-- MATERIAL SHOWN follows --

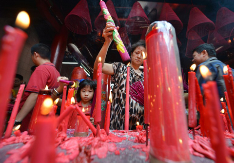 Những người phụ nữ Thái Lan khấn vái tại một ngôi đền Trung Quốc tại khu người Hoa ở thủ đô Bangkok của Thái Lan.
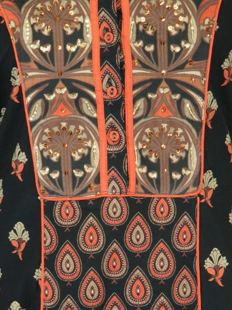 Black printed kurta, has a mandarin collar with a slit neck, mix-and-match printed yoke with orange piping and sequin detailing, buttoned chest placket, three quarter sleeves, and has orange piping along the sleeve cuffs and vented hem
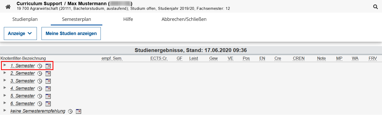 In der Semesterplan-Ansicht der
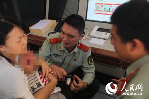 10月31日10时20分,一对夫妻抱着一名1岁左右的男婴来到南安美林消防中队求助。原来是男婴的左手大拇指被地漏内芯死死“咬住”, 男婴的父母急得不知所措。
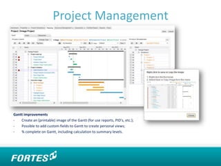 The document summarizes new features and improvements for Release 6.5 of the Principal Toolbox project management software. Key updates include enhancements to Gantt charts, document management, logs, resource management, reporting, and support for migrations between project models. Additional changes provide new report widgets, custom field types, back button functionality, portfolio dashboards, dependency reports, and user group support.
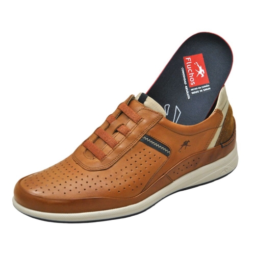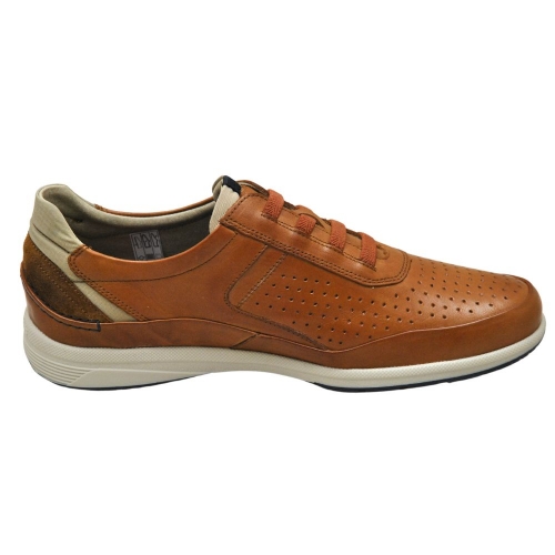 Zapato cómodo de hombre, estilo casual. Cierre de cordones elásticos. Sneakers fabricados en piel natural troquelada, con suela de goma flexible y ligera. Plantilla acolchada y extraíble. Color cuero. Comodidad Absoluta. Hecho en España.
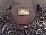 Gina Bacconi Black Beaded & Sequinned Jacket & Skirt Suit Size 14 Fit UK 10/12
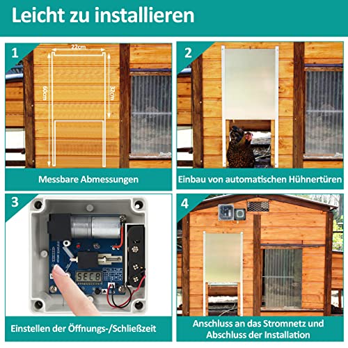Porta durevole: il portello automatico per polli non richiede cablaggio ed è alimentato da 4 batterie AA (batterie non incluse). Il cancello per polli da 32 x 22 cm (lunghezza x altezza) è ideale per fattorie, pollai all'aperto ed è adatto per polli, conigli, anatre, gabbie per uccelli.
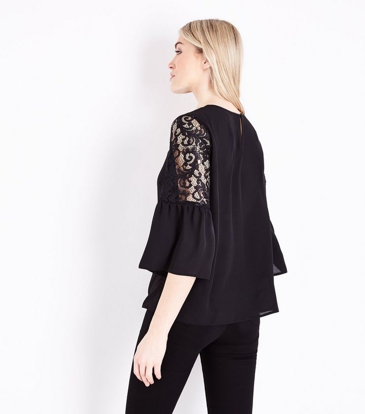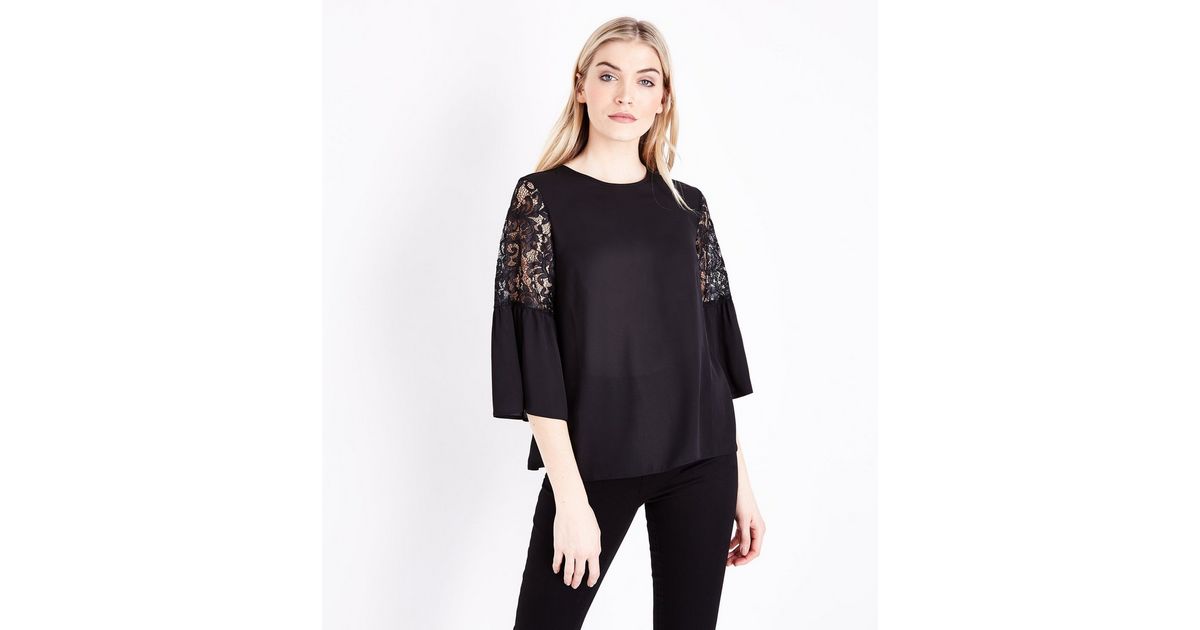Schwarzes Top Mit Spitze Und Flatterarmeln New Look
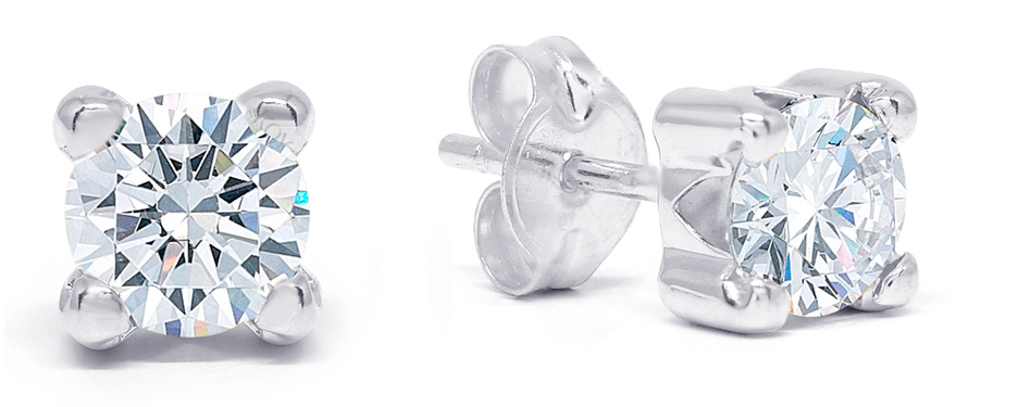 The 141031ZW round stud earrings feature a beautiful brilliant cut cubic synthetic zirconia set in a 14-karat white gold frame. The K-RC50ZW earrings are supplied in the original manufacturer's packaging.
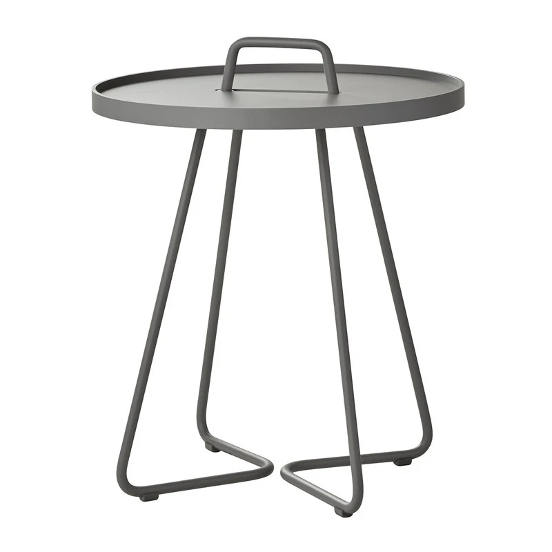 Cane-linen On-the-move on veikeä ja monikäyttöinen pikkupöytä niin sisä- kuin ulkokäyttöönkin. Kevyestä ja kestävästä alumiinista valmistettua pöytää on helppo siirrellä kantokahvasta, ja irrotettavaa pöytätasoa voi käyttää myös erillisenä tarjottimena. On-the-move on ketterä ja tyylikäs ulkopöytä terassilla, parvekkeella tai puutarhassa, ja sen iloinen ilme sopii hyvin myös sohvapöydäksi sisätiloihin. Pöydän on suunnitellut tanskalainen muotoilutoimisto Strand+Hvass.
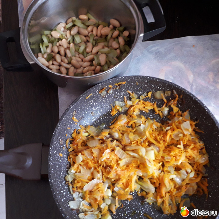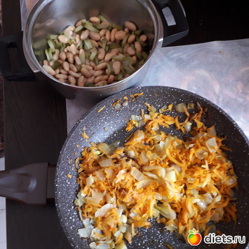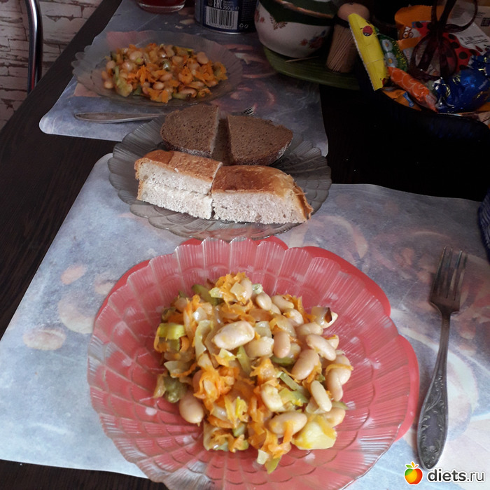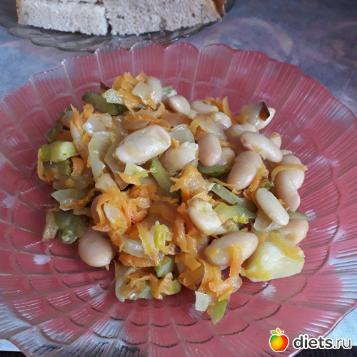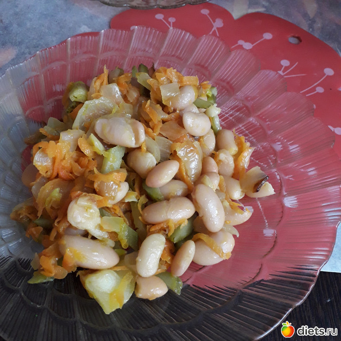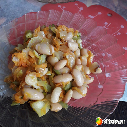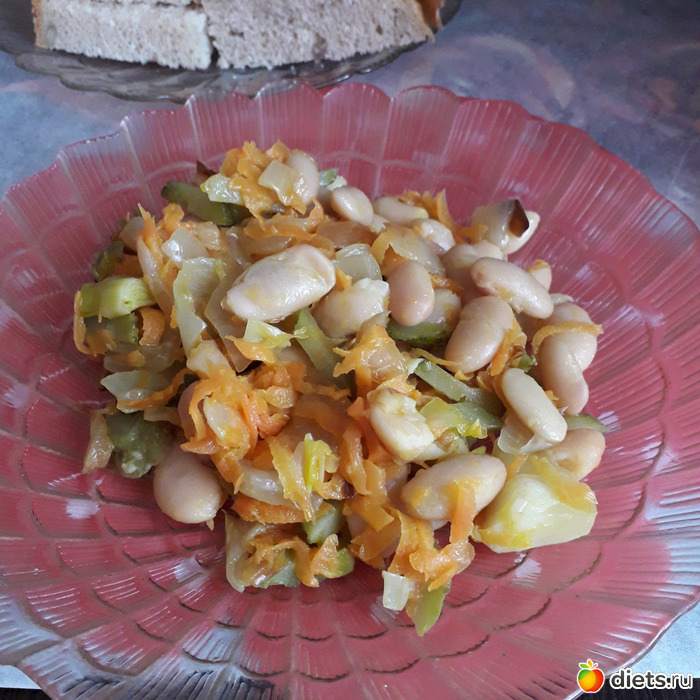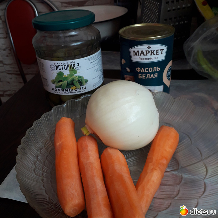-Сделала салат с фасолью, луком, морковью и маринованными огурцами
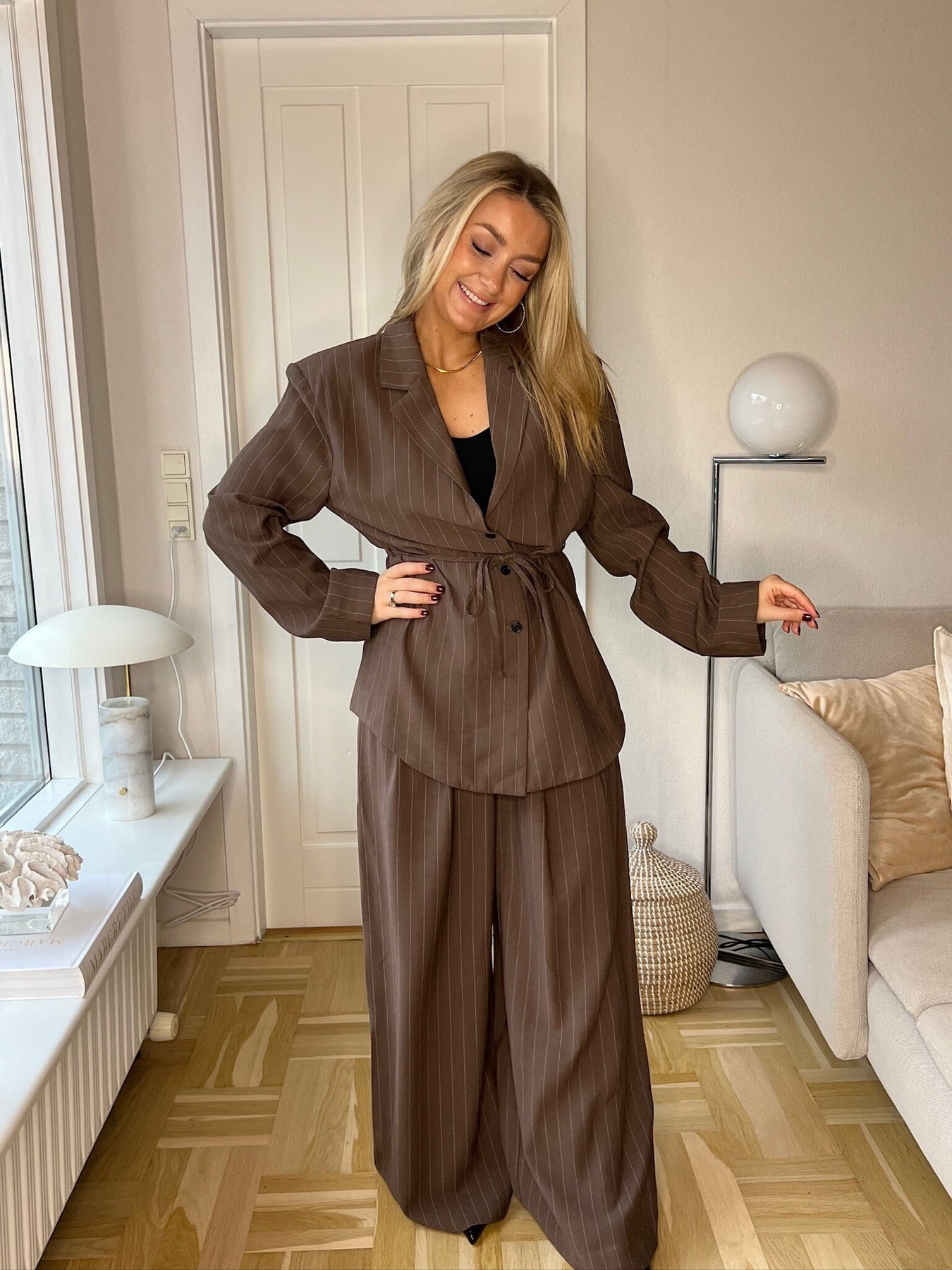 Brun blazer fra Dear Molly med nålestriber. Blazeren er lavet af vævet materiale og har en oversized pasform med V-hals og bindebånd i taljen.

-- MATERIAL SHOWN concluded --

▶ ACTION ITEM:
Up to and including the line that contains "Gina Bacconi Black", print the records above exactly from their first line, without any pictures.

▶ OUTPUT OF THE EXERCISE:
 Những người phụ nữ Thái Lan khấn vái tại một ngôi đền Trung Quốc tại khu người Hoa ở thủ đô Bangkok của Thái Lan.
 Black printed kurta, has a mandarin collar with a slit neck, mix-and-match printed yoke with orange piping and sequin detailing, buttoned chest placket, three quarter sleeves, and has orange piping along the sleeve cuffs and vented hem
 In der Semesterplan-Ansicht der
 10月31日10时20分,一对夫妻抱着一名1岁左右的男婴来到南安美林消防中队求助。原来是男婴的左手大拇指被地漏内芯死死“咬住”, 男婴的父母急得不知所措。
 The document summarizes new features and improvements for Release 6.5 of the Principal Toolbox project management software. Key updates include enhancements to Gantt charts, document management, logs, resource management, reporting, and support for migrations between project models. Additional changes provide new report widgets, custom field types, back button functionality, portfolio dashboards, dependency reports, and user group support.
 Zapato cómodo de hombre, estilo casual. Cierre de cordones elásticos. Sneakers fabricados en piel natural troquelada, con suela de goma flexible y ligera. Plantilla acolchada y extraíble. Color cuero. Comodidad Absoluta. Hecho en España.
 Gina Bacconi Black Beaded & Sequinned Jacket & Skirt Suit Size 14 Fit UK 10/12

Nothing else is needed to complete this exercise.